Using the listing below, please print exactly the lines from the one with "AK S. Daniele" through the one with "5 Die Bärlauchknödel". Leave out every picture.

- [Input records]:
○ ○ ○ ○ ○ ○ ○

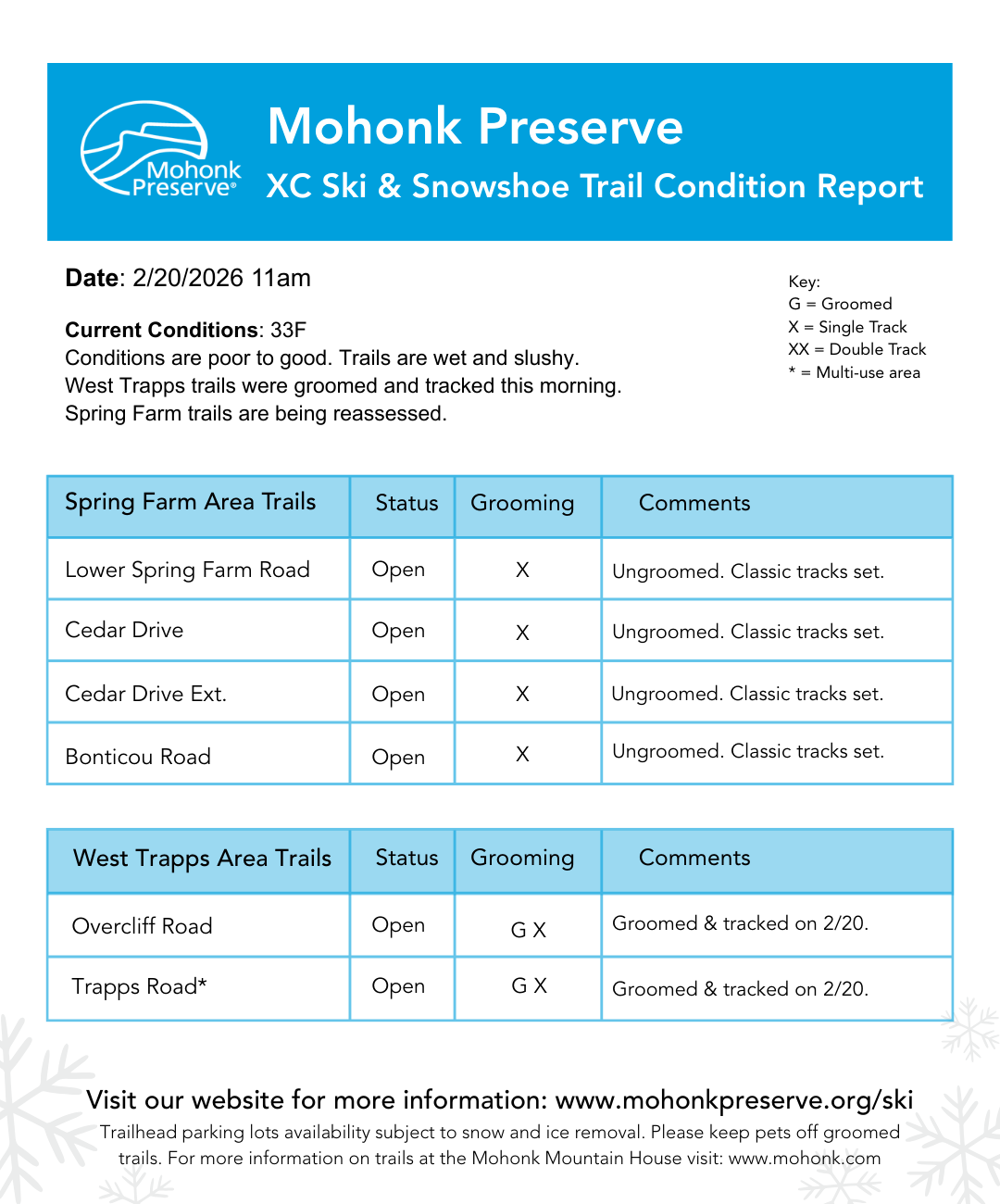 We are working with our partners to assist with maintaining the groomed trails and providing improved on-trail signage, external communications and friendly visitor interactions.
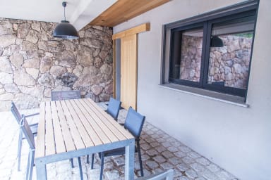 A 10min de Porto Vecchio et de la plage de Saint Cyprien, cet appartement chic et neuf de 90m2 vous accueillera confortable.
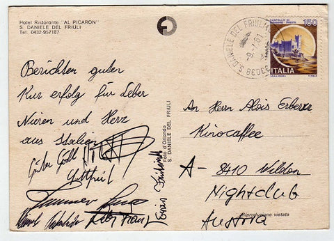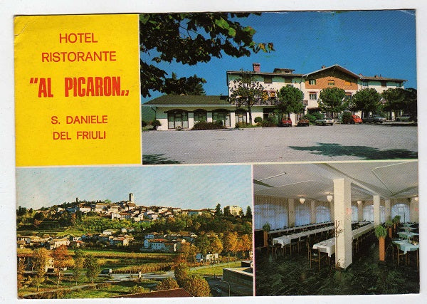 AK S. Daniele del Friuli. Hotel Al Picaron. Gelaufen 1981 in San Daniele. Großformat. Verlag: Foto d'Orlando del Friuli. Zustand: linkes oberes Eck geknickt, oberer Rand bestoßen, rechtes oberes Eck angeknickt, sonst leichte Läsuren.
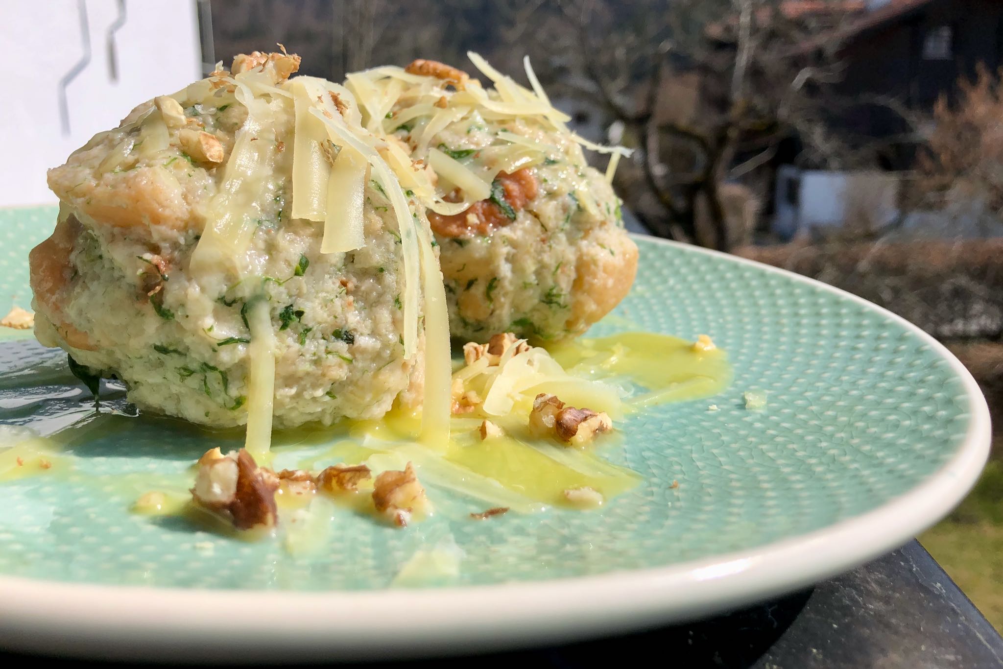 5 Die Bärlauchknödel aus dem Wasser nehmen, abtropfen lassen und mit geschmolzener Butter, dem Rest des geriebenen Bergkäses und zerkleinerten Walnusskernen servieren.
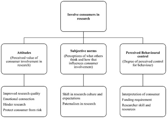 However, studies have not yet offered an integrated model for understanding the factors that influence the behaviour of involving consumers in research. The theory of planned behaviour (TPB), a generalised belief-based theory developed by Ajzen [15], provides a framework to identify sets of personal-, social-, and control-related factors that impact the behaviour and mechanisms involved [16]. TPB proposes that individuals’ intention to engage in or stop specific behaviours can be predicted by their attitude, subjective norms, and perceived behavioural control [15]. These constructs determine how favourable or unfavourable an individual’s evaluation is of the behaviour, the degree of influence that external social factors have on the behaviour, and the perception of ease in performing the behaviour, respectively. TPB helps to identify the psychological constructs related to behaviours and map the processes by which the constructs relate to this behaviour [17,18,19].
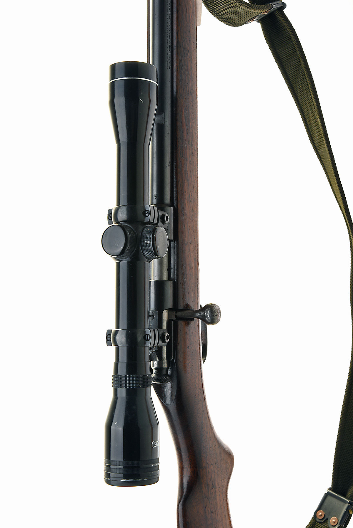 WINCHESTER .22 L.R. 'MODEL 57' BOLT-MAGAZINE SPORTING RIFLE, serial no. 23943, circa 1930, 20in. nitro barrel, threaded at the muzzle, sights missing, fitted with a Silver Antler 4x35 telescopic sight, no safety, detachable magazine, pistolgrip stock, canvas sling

○ ○ ○ ○ ○ ○ ○

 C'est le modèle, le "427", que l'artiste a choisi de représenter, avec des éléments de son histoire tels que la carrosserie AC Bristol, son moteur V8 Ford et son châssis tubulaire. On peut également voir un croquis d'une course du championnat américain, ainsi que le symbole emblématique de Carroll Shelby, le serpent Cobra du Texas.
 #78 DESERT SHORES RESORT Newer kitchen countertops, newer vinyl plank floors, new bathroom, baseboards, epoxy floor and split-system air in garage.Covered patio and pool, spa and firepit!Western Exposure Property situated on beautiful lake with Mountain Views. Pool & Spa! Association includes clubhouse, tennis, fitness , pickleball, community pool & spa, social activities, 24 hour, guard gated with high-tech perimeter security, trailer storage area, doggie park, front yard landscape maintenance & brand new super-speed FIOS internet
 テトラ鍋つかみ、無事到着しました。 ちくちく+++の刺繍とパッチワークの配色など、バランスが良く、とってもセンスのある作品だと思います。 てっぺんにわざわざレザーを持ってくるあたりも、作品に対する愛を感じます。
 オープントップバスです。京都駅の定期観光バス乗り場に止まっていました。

○ ○ ○ ○ ○ ○ ○

- [Answer to this task]:
 AK S. Daniele del Friuli. Hotel Al Picaron. Gelaufen 1981 in San Daniele. Großformat. Verlag: Foto d'Orlando del Friuli. Zustand: linkes oberes Eck geknickt, oberer Rand bestoßen, rechtes oberes Eck angeknickt, sonst leichte Läsuren.
 5 Die Bärlauchknödel aus dem Wasser nehmen, abtropfen lassen und mit geschmolzener Butter, dem Rest des geriebenen Bergkäses und zerkleinerten Walnusskernen servieren.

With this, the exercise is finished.